Pharmacoeconomical analysis of antiretroviral therapy in patients with HIV and hepatitis B virus co-infection


Kozhevnikova G.М., Efremova O.S., Jallolu Abdurahman

1Peoples’ Friendship University of Russia, Moscow; 2Central Research Institute of Epidemiology, Russian Federal Service for Supervision of Consumer Rights Protection and Human Welfare, Moscow;
Among HIV-positive patients, there are 10–15% cases of chronic hepatitis B virus (HBV) co-infection. This necessitates the choice of an optimal therapy regimen for both infections.
Objective. To study the cost-effectiveness of drugs recommended for first-line antiretroviral therapy (ART) in HIV/HBV co-infected patients previously untreated with a fixed-dose combination (FDC) of TDF/FTC versus that of ABC/3TC and AZT/3TC.
Subjects and methods. The pharmacoeconomical study was conducted using the simulation method to calculate direct medical costs. The model used the results of a study by L.M. Pawlotsky et al. reporting rates of HBV resistance to 3TC and TDF in a five-year time horizon. The risk of 3TC resistance progressively increases over time by achieving 70% at year 5 of treatment while that TDF resistance remains at zero throughout the therapy period.
Results. The calculations in the model have indicated that the use of 3TC-containing FDCs in the five-year time horizon costs 53 400 rubles (or 7%) more than the baseline administration of TDF/FTC because of the development of HBV resistance and of the need for additional use of entecavir.
Conclusion. The use of a FDC of TDF/FTC for first-line ART in previously untreated patients is economically sound in treating HIV/HBV co-infected patients in Russian clinical practice.

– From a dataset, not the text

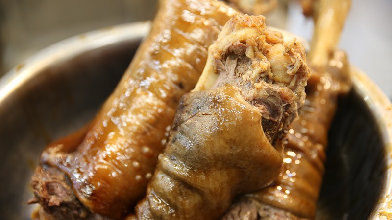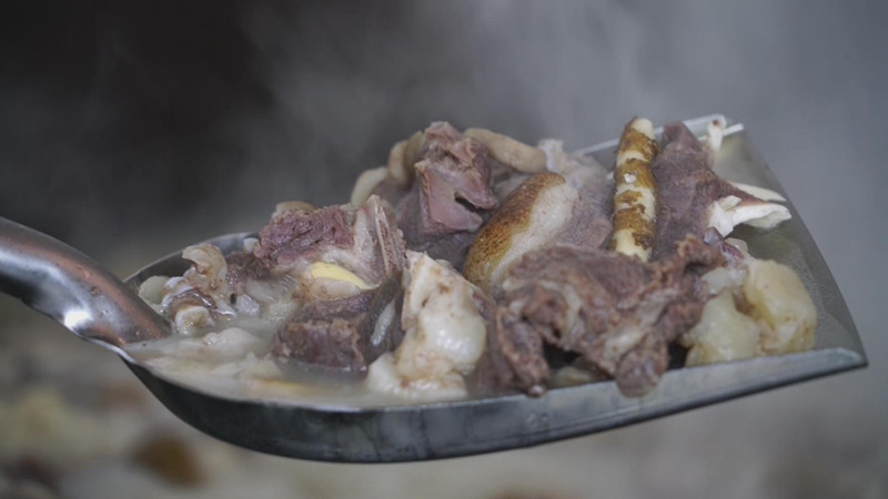 人說“天上龍肉、地上驢肉”,牟定的驢肉以“超群驢肉”為代表,有火鍋、鹵涼、油炸、火燒、醬肉、腌驢肉干巴等多個品種。最出名的驢肉湯鍋,用炭火煮肉加20多種原料慢熬成鮮香濃純的“高湯”,再把挑選出來的新鮮腿骨肉、軟肋條用大火快煮,調汁后放入湯筒小火慢燉制成湯汁濃厚、色澤金黃的鹵肉,最終配成一鍋味香濃郁、口感獨特的超群驢肉。

Инфекция вирусом гепатита В (ВГВ) считается одной из самых распространенных в мире. Более 2 млрд людей имели контакт с вирусом, и более 350 млн человек стали хроническими носителями вируса и группой риска прогрессирования болезни печени и развития цирроза и гепатоцеллюлярной карциномы (ГЦК) [1–3]. Подавляющее большинство носителей ВГВ сконцентрировано в Юго-Восточной Азии, где доминирует вертикальный путь передачи вируса, что способствует хронизации инфекции, так как у детей хронические формы инфекции ВГВ развиваются приблизительно в 90% случаев. И наоборот, инфицирование ВГВ во взрослом возрасте более чем в 90% случаев заканчивается полным выздоровлением и формированием стойкого пожизненного иммунитета к данной инфекции. Однако во взрослой популяции существуют дополнительные факторы, которые приводят к более высокой частоте развития хронического заболевания печени, и один из них – наличие сопутствующей ВИЧ-инфекции. По данным различных исследований, частота хронической инфекции ВГВ у ВИЧ-позитивных пациентов составляет 10–15% случаев [4, 5].

ВИЧ-инфекция также усугубляет естественное течение хронического гепатита В (ХГB): на ее фоне усиливается репликация ВГВ, быстрее развиваются фибротические процессы, и формируется цирроз с дальнейшей декомпенсацией функции печени [4, 6]. Кроме того, частота развития ГЦК в популяции больных гепатитом В с ВИЧ-инфекцией значимо выше, чем в популяции пациентов с гепатитом В без ВИЧ-инфекции [5, 7].

В многоцентровом когортном исследовании MACS риск смерти от поражения печени у больных с сочетанной инфекцией был в 8 раз выше, чем у ВИЧ-инфицированных, не зараженных ВГВ, и был особенно высоким у больных с низким количеством CD4+-лимфоцитов [8].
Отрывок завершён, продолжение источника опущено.